Tags: #Intriga, #Histórico, #Drama, #Romántico

—¡Condenado caballo! —masculló Philibert al tiempo que volvía a montar y, dispuesto a echar mano de la espada de inmediato, alzó el brazo derecho desarmado.

—¡Paz!

Los dos guerreros detuvieron sus cabalgaduras y lo contemplaron con aire de desconfianza.

—¿Quién eres y qué se te ha perdido aquí? —preguntó uno de ellos.

—Soy un emisario y llevo un mensaje para el todopoderoso emir Abderramán —respondió: era la única excusa que se le ocurrió.

Entre tanto, el cabecilla de los sarracenos también se había acercado y desenvainó la espada.

—¿Qué quiere ese
giaur
?

Como habló en árabe, Philibert no comprendió sus palabras ni la respuesta de los otros dos.

—¡Paz! Soy un emisario y llevo un mensaje para el todopoderoso emir Abderramán —repitió Philibert con la esperanza de que el nombre del emir aplacara el ánimo de los hombres.

—¡Un emisario! ¡Más bien un espía que se arrastra vilmente por nuestras tierras para explorar el terreno! —replicó el cabecilla sarraceno en tono burlón.

—¡No, señor! Os equivocáis. ¡No soy un espía! —declaró Philibert, sudando bajo la cota de malla pese al frescor reinante.

—¿Llevas una carta para el emir, a quien Alá otorgue mil años? ¿Y quién te envía?

El sarraceno seguía contemplándolo con cara de pocos amigos, pero Philibert confiaba en lograr convencerlo de sus buenas intenciones.

Entonces el prisionero alzó la cabeza y le clavó la mirada.

—Philibert de Roisel. ¡Sobreviviste a la masacre de Roncesvalles!

Entonces el guerrero lo reconoció y soltó una maldición.

—¡Ermo! Supongo que te expulsaron del infierno, ¿verdad?

—¡Así que eres un franco! Si afirmas ser un pacífico mensajero, mientes. Entre mi insigne señor Abderramán y Carlos, ese perro cristiano, no hay intercambio alguno de mensajes, a menos que sea con la espada.

El cabecilla de los sarracenos alzó la espada y les indicó a sus hombres que se separaran. Superaban en número al franco y encima disponían de arcos.

—Ríndete, franco, y te perdonaré la vida… «y te convertiré en esclavo» —expresó su mirada.

Philibert desenvainó la espada e hizo girar al semental para ponerse de espaldas a la iglesia.

—¿Quién eres tú, que osas exigirle a Philibert de Roisel que se entregue como si fuera una débil mujer, o un sarraceno?

El sarraceno le lanzó una mirada irónica.

—Mi nombre es tan temido en las costas del Magreb y en los oasis de Ifrikija como en al-Ándalus y en los reinos montañosos de Hispania, porque soy Fadl Ibn al Nafzi, el hombre que hizo pedazos la arrogancia del conde Roland en el desfiladero de Roncesvalles. Soy el brazo armado del emir de Córdoba.

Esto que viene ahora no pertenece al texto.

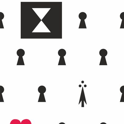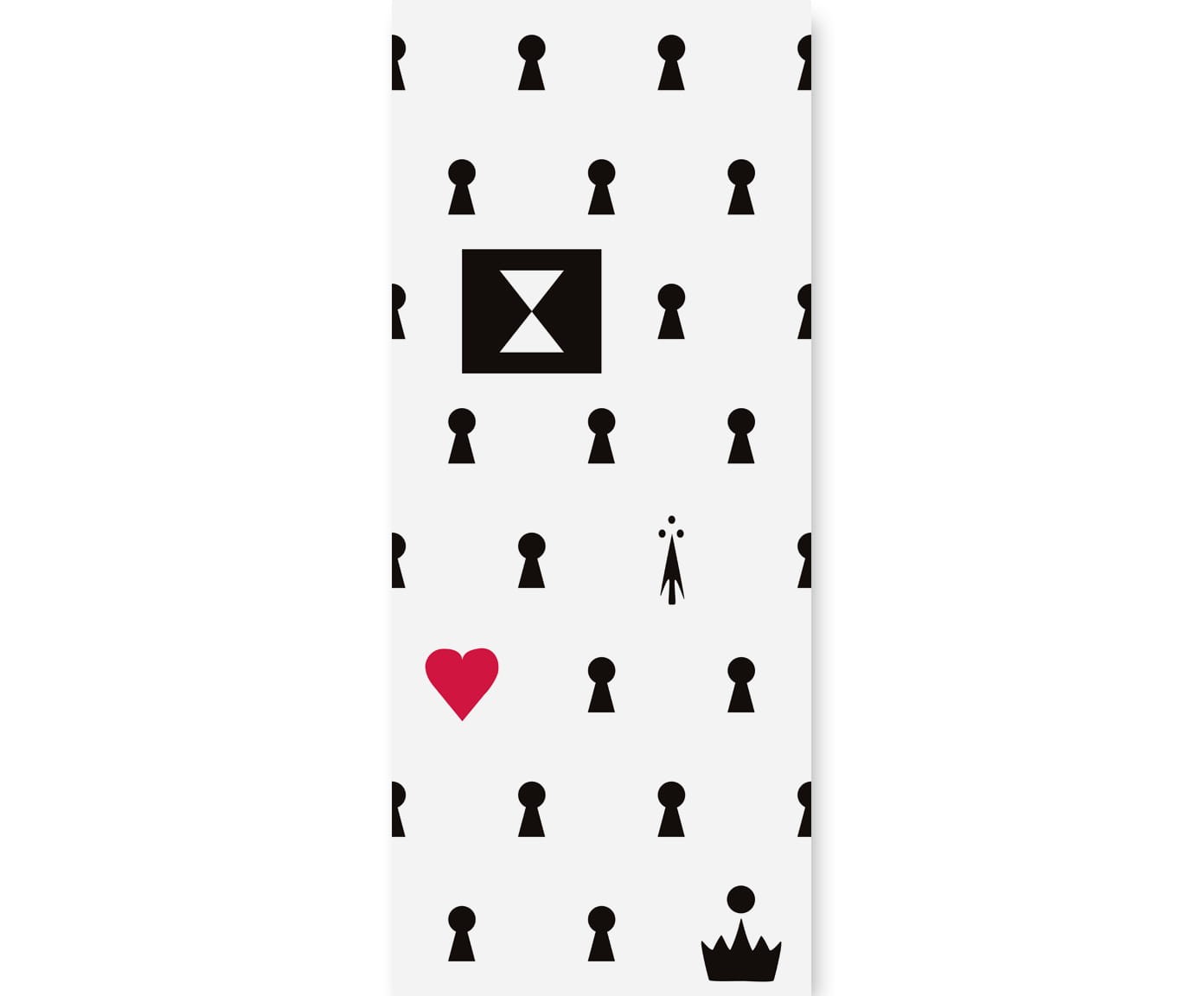 Elementy wzoru zawierają kształt czarnych kluczy przeplatane czterema kolorami kart.

—Bien, temido brazo armado del emir, concédeme el honor de cruzar mi espada con la tuya. Si vences, seré tu prisionero, pero si venzo yo, tú y tus hombres me dejaréis marchar sin molestarme —dijo Philibert, apelando al orgullo del sarraceno.

Pero Fadl Ibn al Nafzi no había alcanzado un puesto importante al servicio del emir aceptando cualquier reto. Contempló a Philibert con mirada evaluadora. Un franco que en esos días osaba adentrarse en el país de los sarracenos a solas estaba loco o era especialmente valiente. Fadl también echó un vistazo a la larga y recta espada de su enemigo. Su hermano había caído atravesado por semejante arma y, con el recuerdo, regresó la ira que se apoderó de él cuando le habían dado la noticia. Y el hecho de que el culpable estuviera en su poder no había modificado ni un ápice sus sentimientos por los francos. Aborrecía a ese pueblo y mataría a todos los francos que se pusieran al alcance de su cimitarra. Eso fue lo que gritó a la cara del guerrero que tenía ante sí justo antes de espolear su caballo.

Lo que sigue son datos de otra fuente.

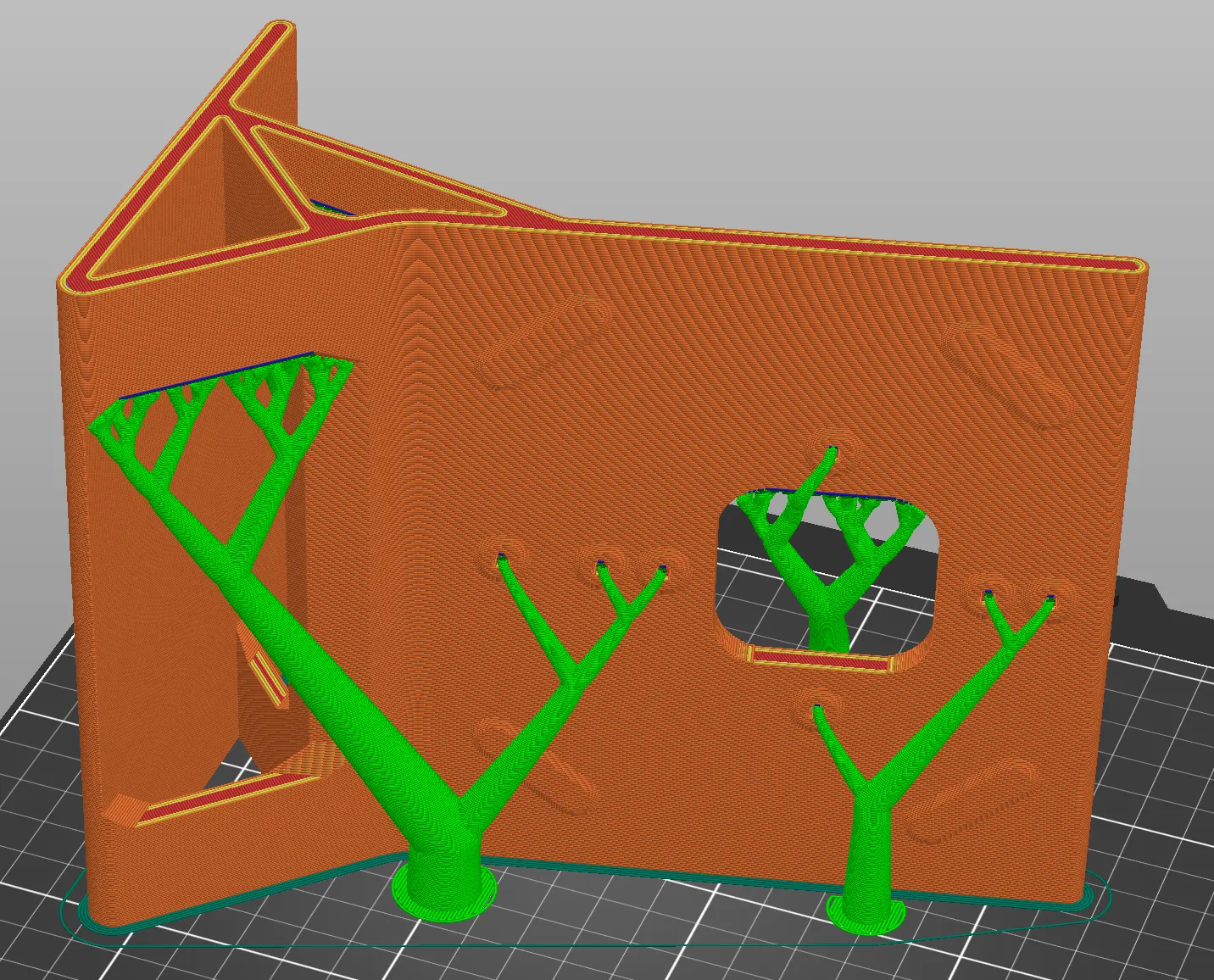 - Mình khuyên dùng tree supports với threshold angle 35–40° như trong hình

La liviana yegua se arrojó contra el pesado semental de Philibert como una gota de lluvia cae sobre una hoja. Los aceros entrechocaron una vez produciendo un chirrido agudo y rápidamente Fadl se situó fuera del alcance de la larga espada. Pese a la brevedad del encontronazo, el franco había demostrado que estaba acostumbrado a combatir con sarracenos, lo cual resultó decisivo. ¿Qué saldría ganando, pensó el musulmán, si lograba derrotar a su oponente pero resultaba lastimado? No podía permitirse el lujo de que una herida lo obligara a guardar cama, porque debía regresar a Córdoba lo antes posible.

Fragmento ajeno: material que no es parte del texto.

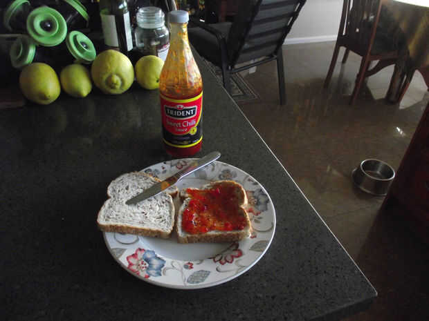 Más cercano que pude encontrar fue Salsa de Chili dulce disponible en mayoría de los supermercados. Difundir esto en una sola pieza del pan.
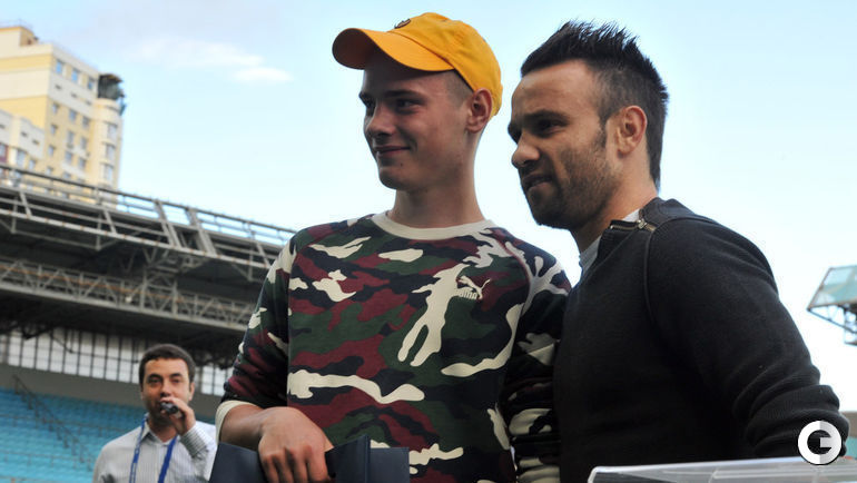 В перерыве матча "Динамо" – "Урал" Матье Вальбуэна попрощался с болельщиками московского клуба. Фото – Никита УСПЕНСКИЙ, Алексей ИВАНОВ, "СЭ"

El prisionero que llevaba consigo había sido atrapado por el comandante de uno de los castillos fronterizos, quien lo torturó para averiguar de dónde procedía. Cuando el bellaco confesó que era un esclavo de Fadl, el comandante informó a este de ello a través de un mensajero. Al recibir la noticia, Fadl cabalgó hasta el castillo con unos pocos compañeros y allí comprobó que el prisionero era el franco Ermo. Aunque durante el interrogatorio este afirmó haber huido solo, Fadl no estaba seguro de que el asesino de su hermano no hubiera intentado huir también. Por este motivo, entre otros, quería regresar a Córdoba cuanto antes y no podía arriesgarse a sufrir una herida. Dada la situación, obligó a su yegua a retroceder y gritó a sus hombres que cogieran los arcos y dispararan a ese perro.

Aunque Philibert no entendió sus palabras, vio que los otros sarracenos cogían sus arcos y, furioso, vociferó que eran unos cobardes al tiempo que clavaba espuelas. El pesado animal se lanzó hacia delante soltando un relincho indignado y chocó contra la yegua de Fadl. La embestida derribó al delicado animal, pero con ello salvó la vida de Fadl Ibn al Nafzi, porque el arma de Philibert pasó por encima de su cabeza.

A duras penas, el sarraceno logró sacar los pies de los estribos y desmontar antes de que la yegua se desplomara. Uno de sus acompañantes fue menos afortunado: la espada de Philibert le partió el cráneo.

Entonces los otros tensaron los arcos y volaron las primeras flechas. Philibert logró detener una con la espada, pero otras dos atravesaron su cota de malla y se le clavaron en el muslo sano y en el hombro izquierdo.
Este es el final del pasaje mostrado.